The key is to remember how the transfer function relates to input and

output magnitudes.

So the amplitude of the output signal divided by the amplitude of the input

signal, is the magnitude of the transfer function at that frequency.

And similarly, the phase angle is defined as the difference between

the input waveform and the output waveform.

Now let's look at some experiments relating that.

Here is an oscilloscope trace of an input and an output of an RC circuit.

The input is shown in green and the output is shown in blue.

For this particular frequency, the frequency is at 1,000 Hertz.

And you can see that the output amplitude

over the input amplitude is a ratio of 0.8.

So the transfer function at that frequency is 0.8,

magnitude of the transfer function.

If an instrument like a Bode

plot instrument, electronic instrument wants to find a Bode plot automatically,

what it does is it inputs a frequency like this.

Find its ratio of amplitudes,

finds the phase angle between them at that frequency, and then records it.

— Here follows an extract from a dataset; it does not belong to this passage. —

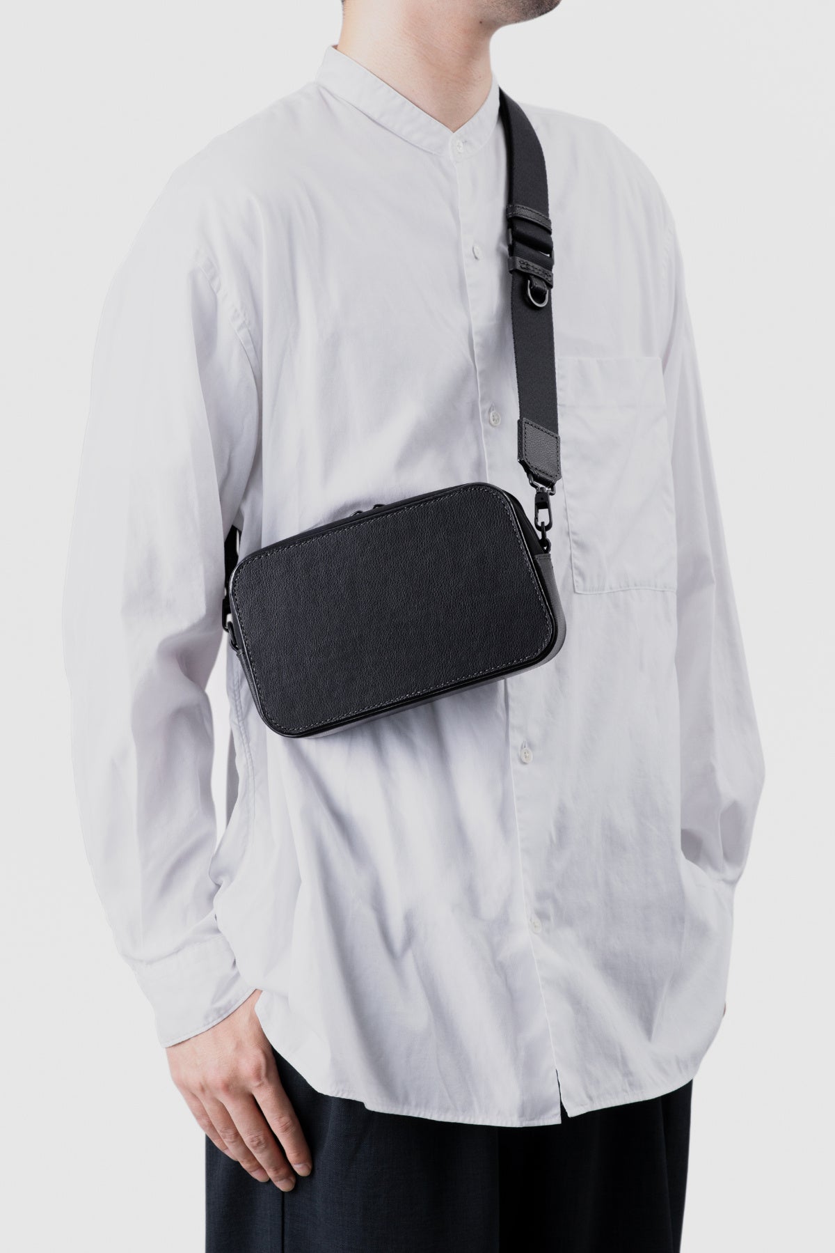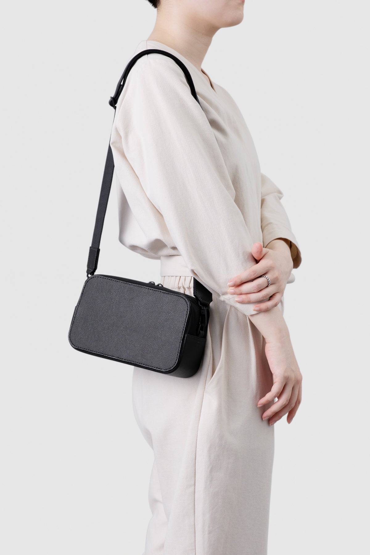「Mylo™」を持つ楽しさを贅沢に堪能できる、シンプルなデザインのショルダーです。気軽に持てるサイズ感と装いに合わせやすいブラックで統一した配色で、幅広くご使用いただけます。ナイロン生地とのコンビネーションはモダンで上品な印象に。ショルダーベルトの接続がフレキシブルなので、ボディーバッグのように使えます。
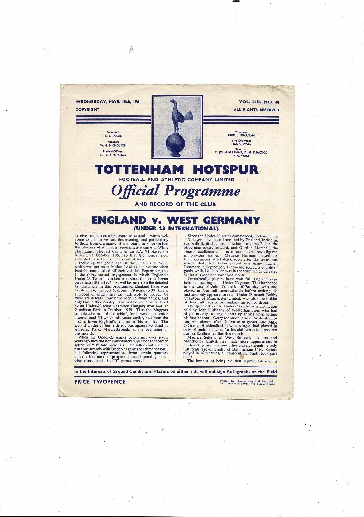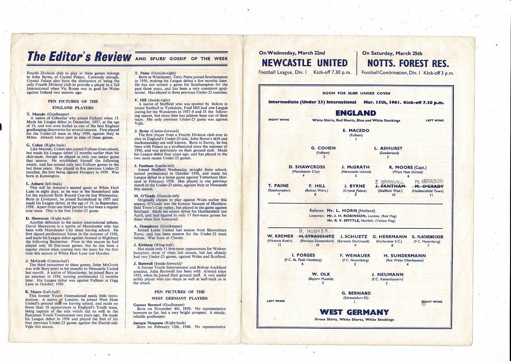 1961 England v West Germany U23 International Football Programme @ Spurs

And then it changes the frequency, and does those recording again,

the amplitude ratio and the phase lag.

Let me show you an example of running a Bode Plot instrument.

So here's with the same circuit hooked up.

And I'm going to hit run on this and you'll see it building it up.

For each of those points, it's finding the amplitude ratio and

taking 20 times the log of it, and plotting it.

This is gain in decibels and down here is the phase angle in degrees.

Again, found numerically or found experimentally by looking at the angle

difference between the input signal and the output signal.

So this again is an automatic generation of the Bode Plot experimentally,

without even having to worry about the explicit formula for H of omega.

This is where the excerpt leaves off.